- [Exercise goal]: Beginning with the line that holds "立項二:藥線點灸聯(lián" and ending with the last line of the entries, please output each line exactly, apart from any pictures.

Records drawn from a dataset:
________________________________________
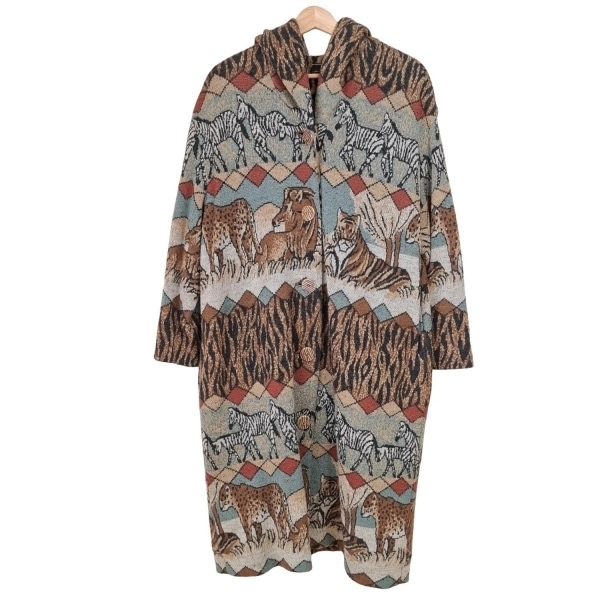 レリアン Leilian サイズ9 M - ベージュ×ブルーグリーン×マルチ レディース 長袖/アニマル柄/裏地豹柄/冬 コート
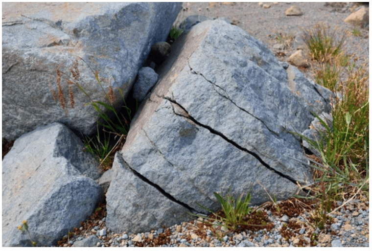 The cracks in this rock were made by ice. Water went into small cracks and froze. When the ice formed it pushed the rock apart. This happened many times, and each time the cracks got bigger.
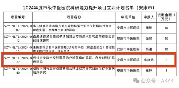 立項二:藥線點灸聯(lián)合絞股藍茶在黃素瘤應(yīng)用項目獲陜西省中管局市級中醫(yī)醫(yī)院科研能力提升項目(朱曉艷、袁銘悅)
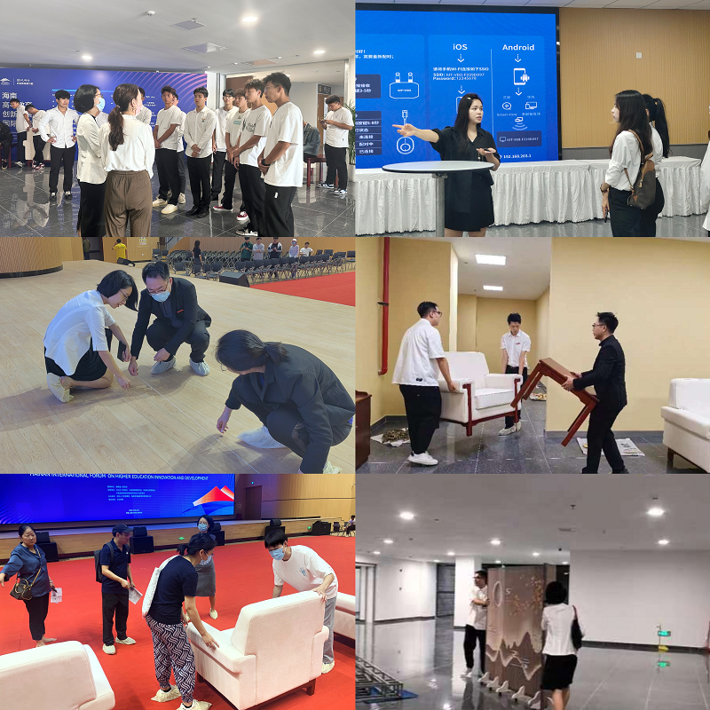 2023届海南省高等教育创新发展国际论坛将于12月4日正式开幕,旅酒学院作为本次海南省高等教育创新发展国际论坛的重要筹备方,在9159金沙游戏场支持与引领下,全面投入会议的会场搭建与酒店接待服务中,只为呈现一场附有专业性、亮点性、给大家留下美好回忆的论坛享受。我院教师与学生们忙碌的背影也将会在师生心中留下深刻的记忆。
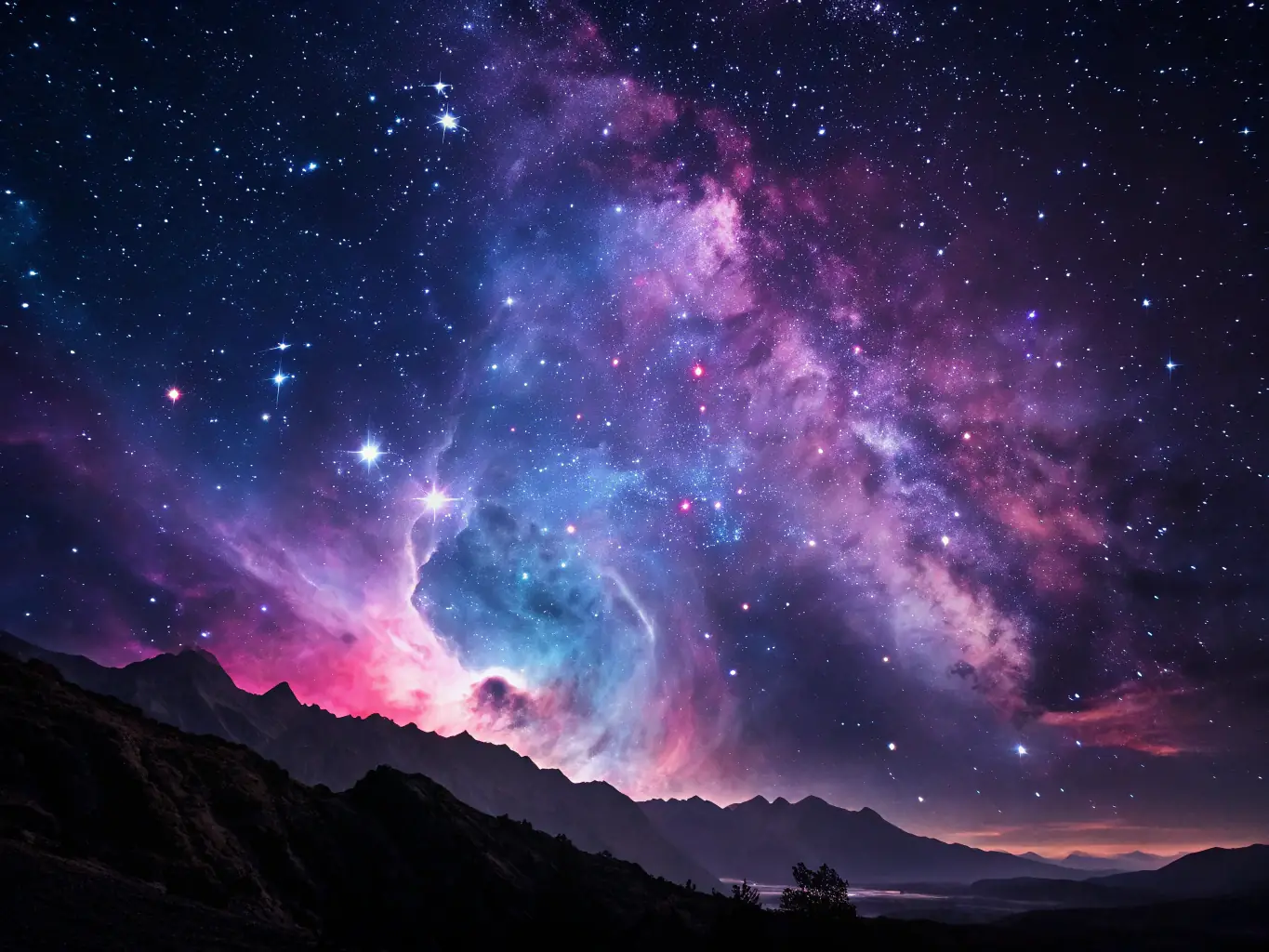 一幅迷人的数字空间艺术作品,展示了宇宙星云和未来主义主题。
________________________________________
- [Solution to the problem]:
 立項二:藥線點灸聯(lián)合絞股藍茶在黃素瘤應(yīng)用項目獲陜西省中管局市級中醫(yī)醫(yī)院科研能力提升項目(朱曉艷、袁銘悅)
 2023届海南省高等教育创新发展国际论坛将于12月4日正式开幕,旅酒学院作为本次海南省高等教育创新发展国际论坛的重要筹备方,在9159金沙游戏场支持与引领下,全面投入会议的会场搭建与酒店接待服务中,只为呈现一场附有专业性、亮点性、给大家留下美好回忆的论坛享受。我院教师与学生们忙碌的背影也将会在师生心中留下深刻的记忆。
 一幅迷人的数字空间艺术作品,展示了宇宙星云和未来主义主题。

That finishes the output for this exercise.